From: Kerfuffle <redacted>
Date: Wed, 4 Oct 2023 14:20:28 +0000 (-0600)
Subject: convert : fix Baichuan2 models by using vocab size in config.json (#3299)
X-Git-Tag: upstream/0.0.4488~3164
X-Git-Url: https://git.djapps.eu/?a=commitdiff_plain;h=019ba1dcd0c7775a5ac0f7442634a330eb0173cc;p=pkg%2Fggml%2Fsources%2Fllama.cpp

convert : fix Baichuan2 models by using vocab size in config.json (#3299)

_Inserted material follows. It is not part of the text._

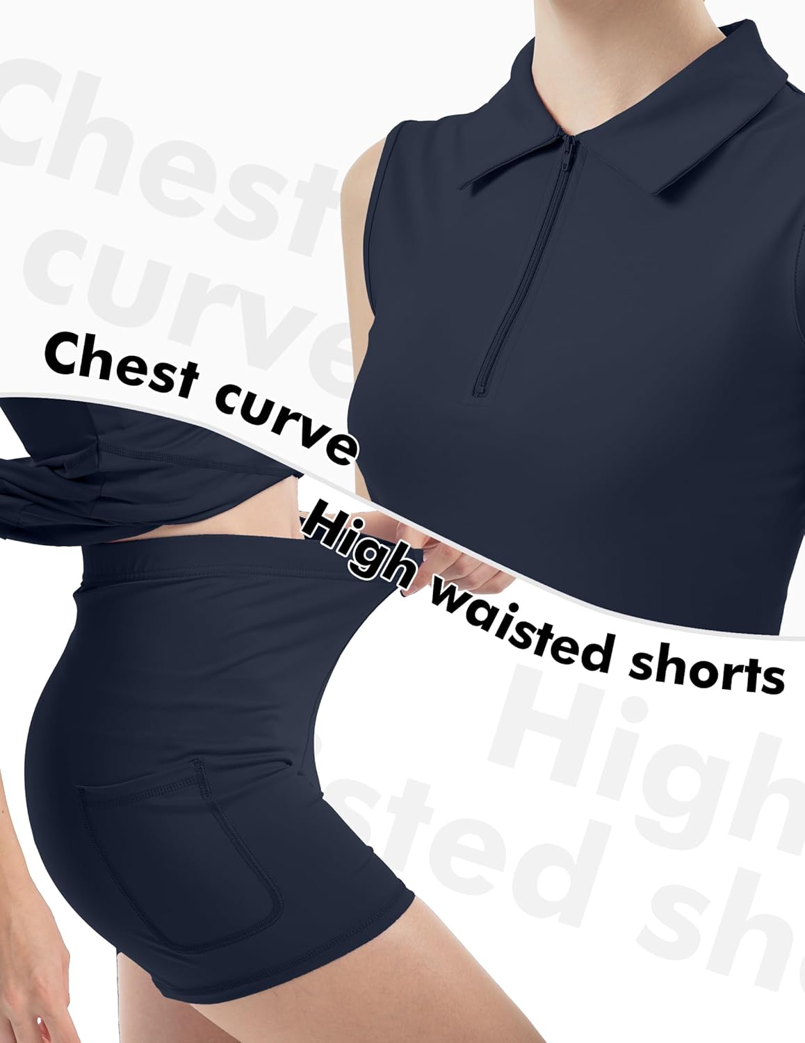 FKEEP Women’s Tennis Golf Dresses Zipper V-Neck Sport Activewear with Shorts and Pocket Workout Athletic

Use local GGUF package when possible in Baichuan converter
---

diff --git a/convert-baichuan-hf-to-gguf.py b/convert-baichuan-hf-to-gguf.py
index 8bd34dc4..513a7516 100755
--- a/convert-baichuan-hf-to-gguf.py
+++ b/convert-baichuan-hf-to-gguf.py
@@ -11,11 +11,14 @@ import sys
 from pathlib import Path
 from typing import TYPE_CHECKING, Any
 import itertools
-import gguf
 import numpy as np
 import torch
 from sentencepiece import SentencePieceProcessor  # type: ignore[import]
 
+if 'NO_LOCAL_GGUF' not in os.environ:
+    sys.path.insert(1, str(Path(__file__).parent / 'gguf-py' / 'gguf'))
+import gguf
+
 
 if TYPE_CHECKING:
     from typing import TypeAlias
@@ -174,8 +177,11 @@ if not tokenizer_model_file.is_file():
 print("gguf: get sentencepiece tokenizer vocab, scores and token types")
 
 tokenizer = SentencePieceProcessor(str(tokenizer_model_file))
+vocab_size = hparams.get('vocab_size')
+if vocab_size is None:
+    vocab_size = tokenizer.vocab_size()
 
-for i in range(tokenizer.vocab_size()):
+for i in range(vocab_size):
     text: bytes
     score: float